Dataset records:
══════════

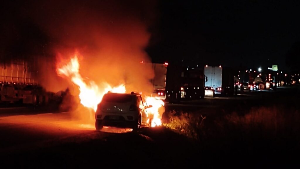 Segundo consta, um carro bateu na traseira de outro veículo, iniciando o incêndio. Houve congestionamento, mas ninguém ficou ferido.
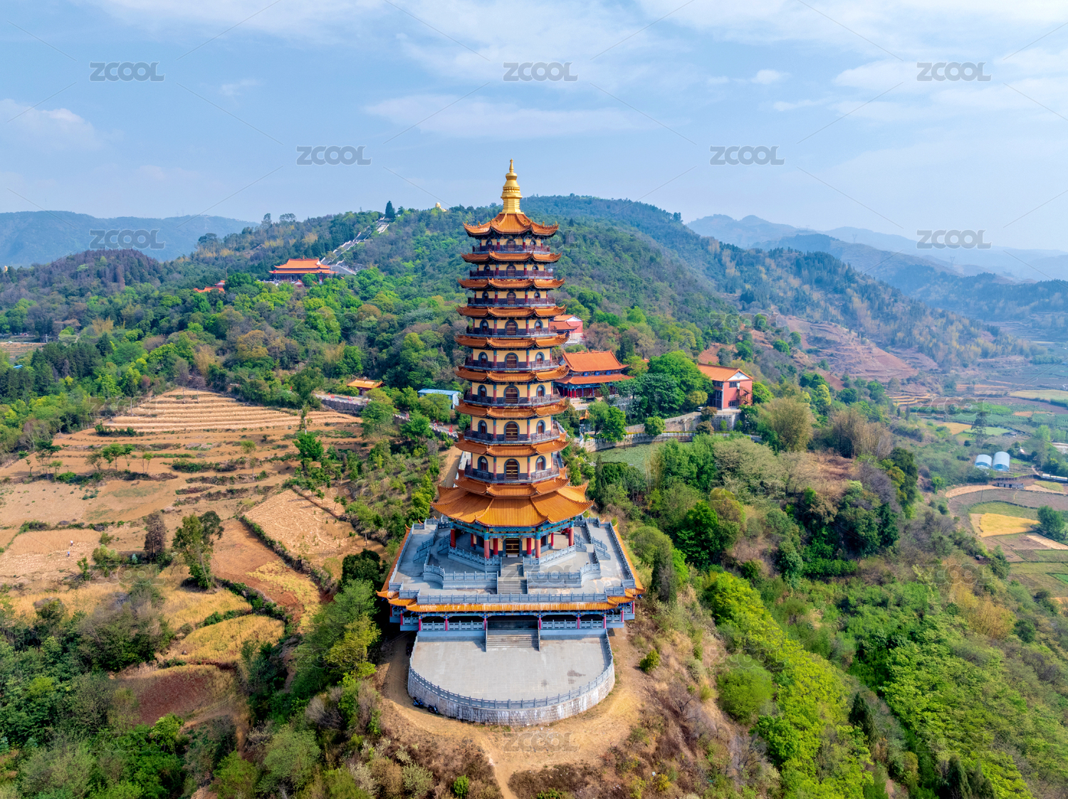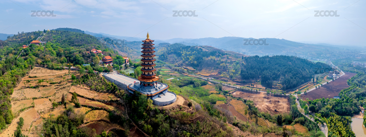 中国云南红河弥勒锦屏山弥勒寺龙华宝塔航拍
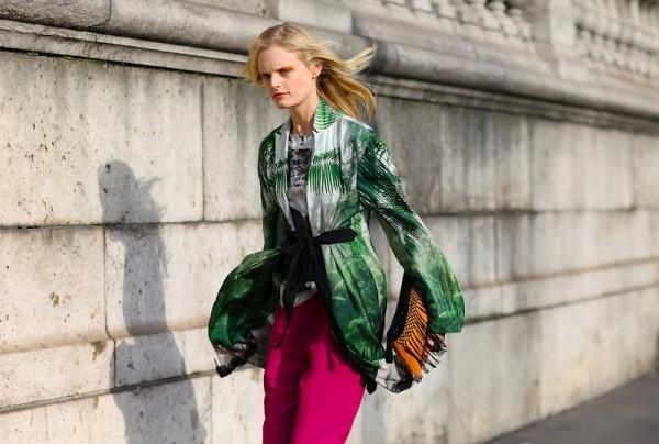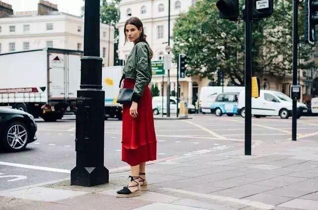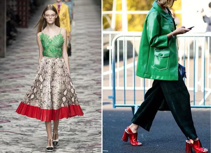 如果你对亮绿配大红有着迷之喜爱,那就可以参照配色的“二八法则”。不管是八分亮绿做底,红色的鞋包点缀,还是大红为底色,两分绿色点缀,都抢眼又好看。
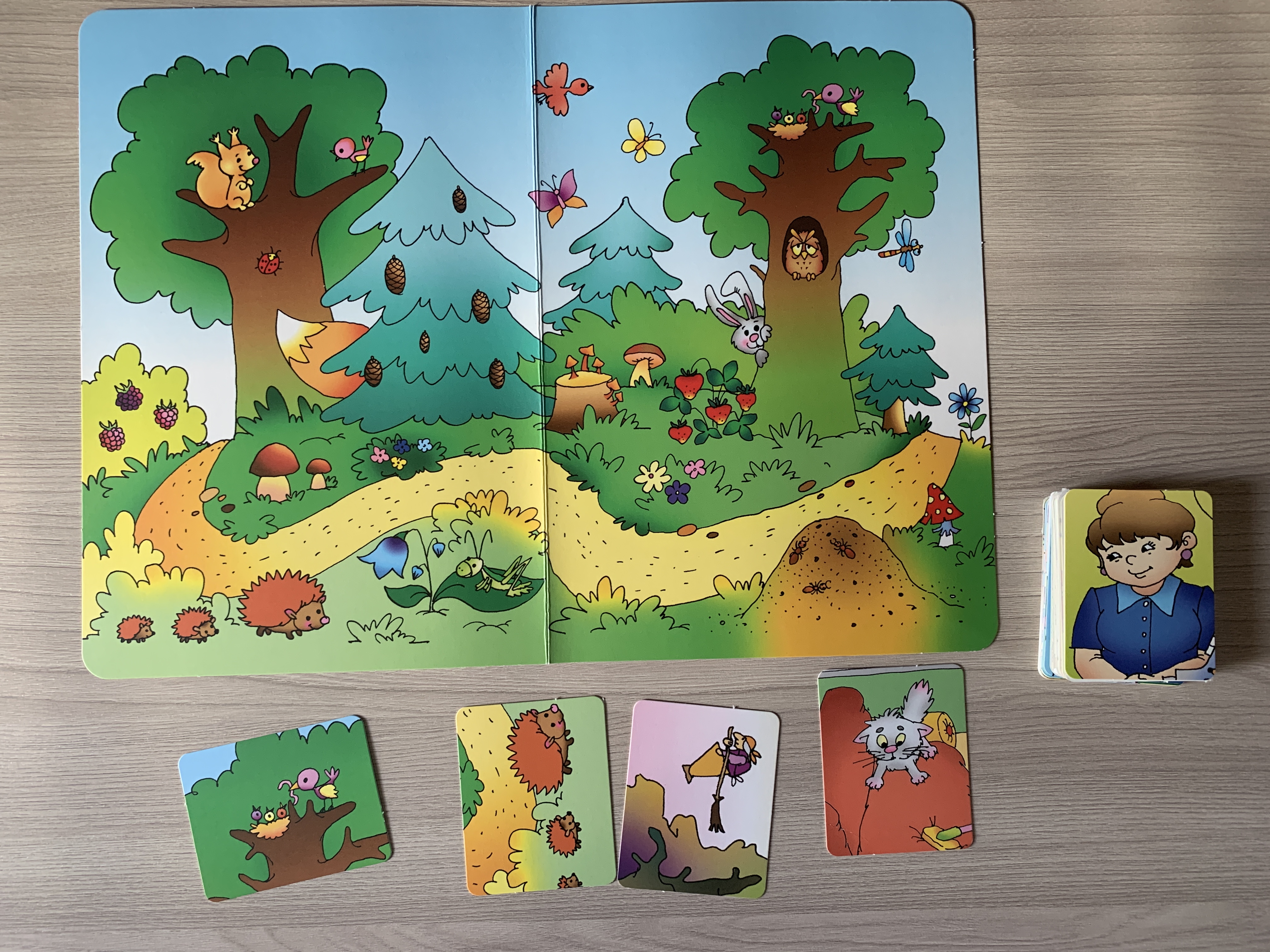 - 40 маленьких карточек, на которых изображены различные фрагменты сюжетных картинок, при этом каждой большой сюжетной картинке соответствует 4 карточки с фрагментами;
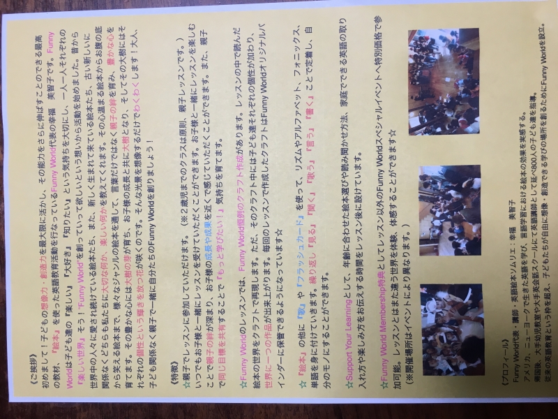 予告しておりました、Funny Worldさんの英語無料体験についてご紹介いたします。先日より、低学年の子にお知らせのお手紙を配りました。
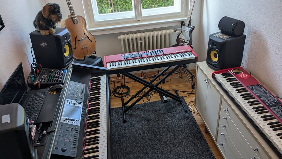 Imagine seeing all your favorite synths and guitars ready to play at any given moment. This layout commonly features several tiers of shelving to hold various keyboards and drum machines. It is wise to keep your audio interface in a central spot for easy plugging. Having everything connected means you spend less time troubleshooting and more time actually making music.
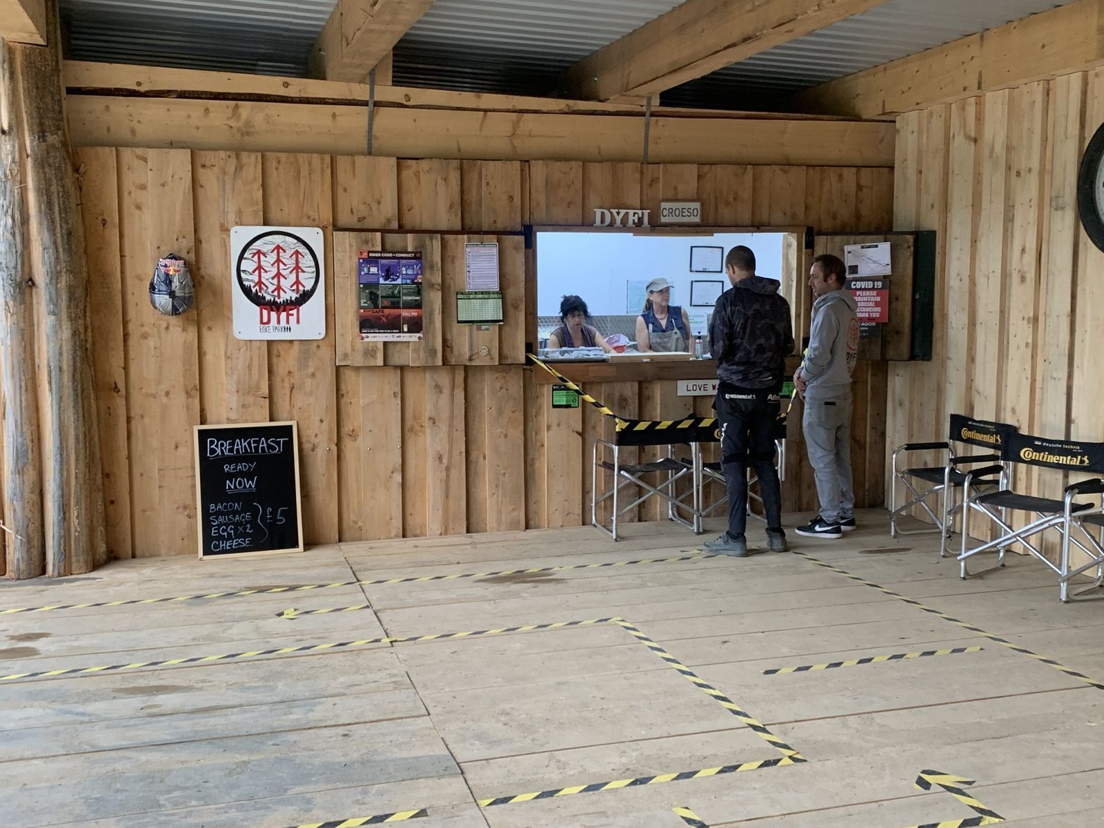 It’s a decent drive into the mountains to get there, but not too far from other ride spots if you want to make a multi-centre trip into Wales. As you head to Dyfi Bike Park, keep your eyes peeled – at the roadside there is what might be the smallest sign ever to point out the whereabouts of the park. The set up is quite basic – we were lucky to have a warm and dry day, and conditions would feel tougher in the wet, not just out on the trail. That said, there is a big open shelter with giant wood burning stove, a small shop, and a cafe serving food that is in part made by Dan’s mum. A bike wash is being built, and for the moment it’s still portaloos in the car park – though these were very clean when we visited.

══════════

_PROBLEM TO WORK ON_
Pictures should be omitted. Please return exactly the lines from the line that holds "Imagine seeing all" through the end of the records.

_YOUR SOLUTION_
 Imagine seeing all your favorite synths and guitars ready to play at any given moment. This layout commonly features several tiers of shelving to hold various keyboards and drum machines. It is wise to keep your audio interface in a central spot for easy plugging. Having everything connected means you spend less time troubleshooting and more time actually making music.
 It’s a decent drive into the mountains to get there, but not too far from other ride spots if you want to make a multi-centre trip into Wales. As you head to Dyfi Bike Park, keep your eyes peeled – at the roadside there is what might be the smallest sign ever to point out the whereabouts of the park. The set up is quite basic – we were lucky to have a warm and dry day, and conditions would feel tougher in the wet, not just out on the trail. That said, there is a big open shelter with giant wood burning stove, a small shop, and a cafe serving food that is in part made by Dan’s mum. A bike wash is being built, and for the moment it’s still portaloos in the car park – though these were very clean when we visited.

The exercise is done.